= Paul Barth (sociologist) =

German sociologist (1858–1922)

Ernst Emil Paul Barth (born on 1 August 1858 in Baruthe near Oels, Silesia; died on 30 September 1922 in Leipzig), known simply as Paul Barth, was a German sociologist and philosopher.

==Biography==

After studying history, philology and philosophy in Breslau and Leipzig, Barth worked as a grammar school teacher from 1882-88 before becoming a private lecturer in philosophy in Leipzig in 1890.

He edited the Vierteljahrsschrift für wissenschaftliche Philosophie (Quarterly Journal for Scholarly Philosophy), and was extraordinary professor in the University of Leipzig.

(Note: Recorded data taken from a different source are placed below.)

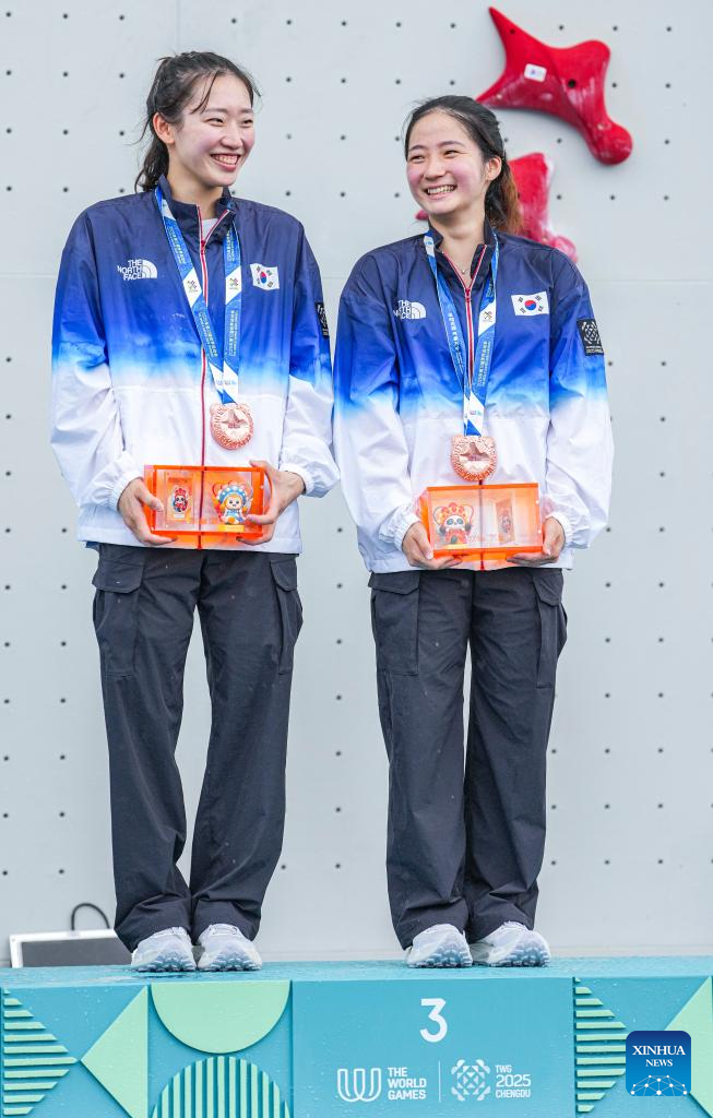 Bronze medalists Jeong Jimin (L)/Sung Hanareum of team South Korea 1 celebrate during the victory ceremony for the Sport Climbing Women's Speed Relay event at The World Games 2025 in Chengdu, southwest China's Sichuan Province, Aug. 16, 2025. (Xinhua/Tenzin Nyida)
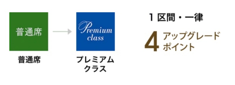 アップグレードに必要なポイント数は、国内線のプレミアムクラスへは4ポイント必要です。
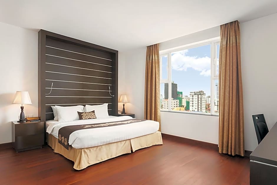 This spacious suite features living and dining areas and a kitchenette.
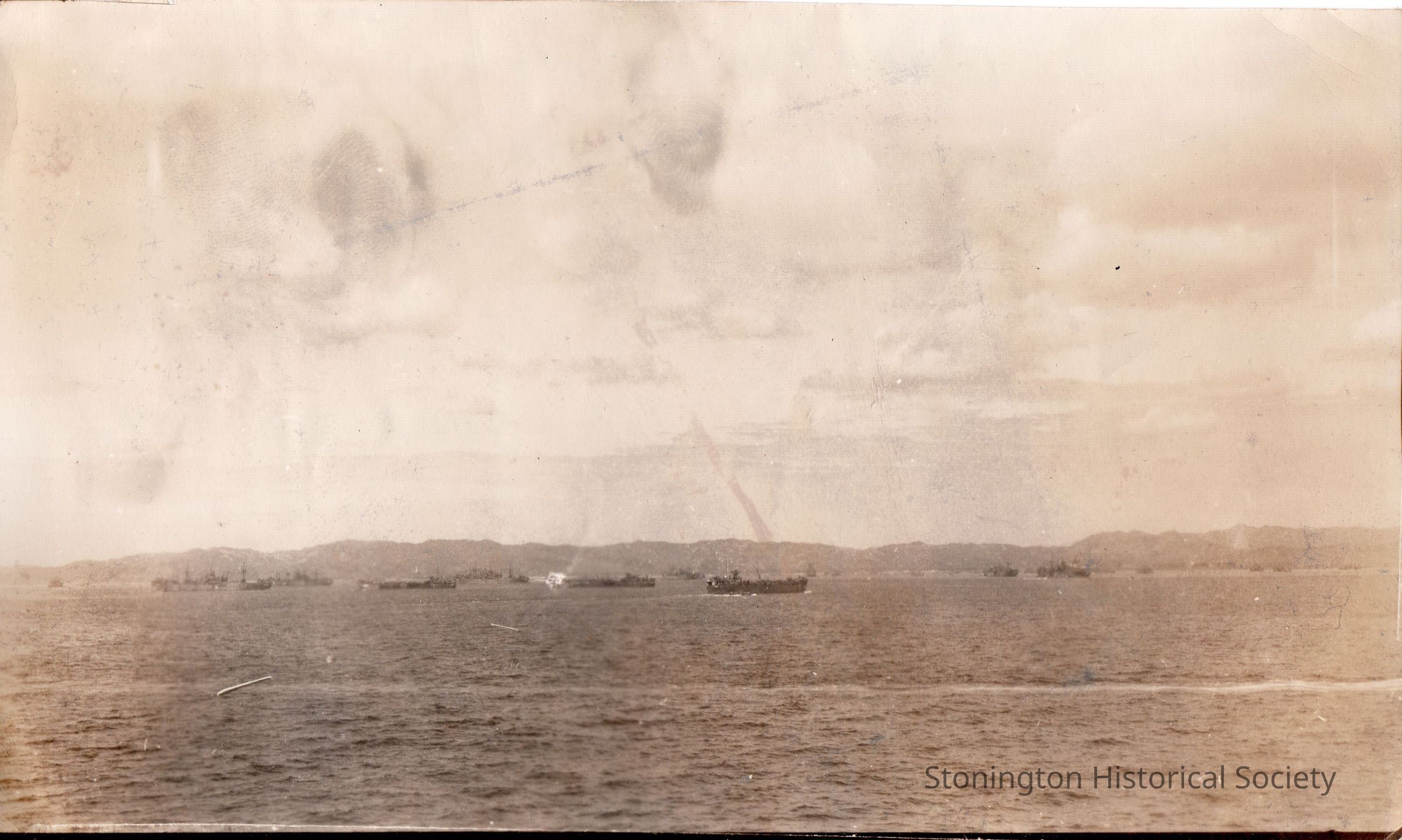 Black and white snapshot from the photograph collections of Frederick Eugene Weeks. Handwritten on back: "This is WAKAYAMA harbor, where we were anchored. It doesn't show much, but you can see some of the ships used for occupation. (It is one of the best harbors I've seen, so far)." Weeks was born in Stonington on March 16, 1922 and served with the U.S. Navy in the Pacific theater during WWII.

He wrote on philosophical subjects, but is known above all for his Philosophie der Geschichte als Sociologie (Philosophy of History as Sociology), the first volume of which appeared in 1897. This book is one of the most authoritative historical sketches of the development of sociological theory which had been published in Germany.

Among Barth's other writings were:
- Beweggründe des sittlichen Handelns (Motives for acting ethically; 1889)
- Geschichtsphilosophie Hegels und die Hegelianer bis auf Marx und Hartmann (Hegel's philosophy of history and the Hegelians up to Marx and Hartmann; 1890)
- Tiberius Gracchus (2d ed., 1893)
- Philosophy of History of Sociology (1897)
- History of Education in the Light of Sociology and History of Ideas (1911)
- The Necessity of a Systematic Moral Teaching (1922).

==Family==
He married Margarethe Schirmer on 7 April 1902.